MADRID (Reuters) - Complaints from many riders that the Vuelta a Espana has included too many punishing climbs in recent years fell on deaf ears as organizers unveiled another demanding route on Thursday featuring nine mountain finishes.
While the opening stage will take place outside Spain for only the third time, with riders setting off in Nimes, France, on Aug. 19, other aspects of the three-week race will concern those taking part.
The penultimate stage will require riders to head up to Angliru, Spain’s toughest single climb in the northern region.
British sprint specialist Mark Cavendish was among those who felt recent Vuelta routes have become far too challenging and labeled them “stupid”.
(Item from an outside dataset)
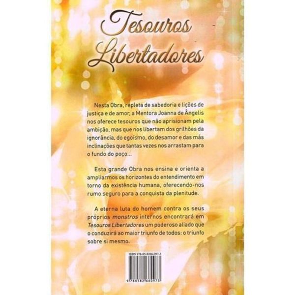 Nesta Obra, repleta de sabedoria e lições de justiça e de amor, a Mentora Joanna de Ângelis nos oferece tesouros que não aprisionam pela ambição, mas que nos libertam dos grilhões da ignorância, do egoísmo, do desamor e das más inclinações que tantas vezes nos arrastam para o fundo do poço… Esta grande Obra nos ensina e orienta a ampliarmos os horizontes do entendimento em torno da existência humana, oferecendo-nos rumo seguro para a conquista da plenitude. A eterna luta do homem contra os seus próprios monstros internos encontrará em Tesouros Libertadores um poderoso aliado que o conduzirá ao maior triunfo de todos: o triunfo sobre si mesmo.

“We are looking for the race to remain spicy during the three weeks, for it to go from less to more,” race organizer Javier Guillen said.
“The Angliru is the colossus. The Angliru will be a good judge of the Vuelta.”
The 2017 edition features one mountain finish less than last year, with competitors required to tackle three summit finishes each week.
The 3,297.7-km race will include 21 stages, heading to Andorra, Catalonia, the Valencia region, southern Andalusia province before finishing in Madrid on Sept. 10.
The last time the race started abroad was in 2009 in Assen, Netherlands.
With Movistar’s Nairo Quintana not expected to defend his title, Team Sky rider Chris Froome could finally land his first Vuelta victory having finished second in 2011, 2014 and 2016.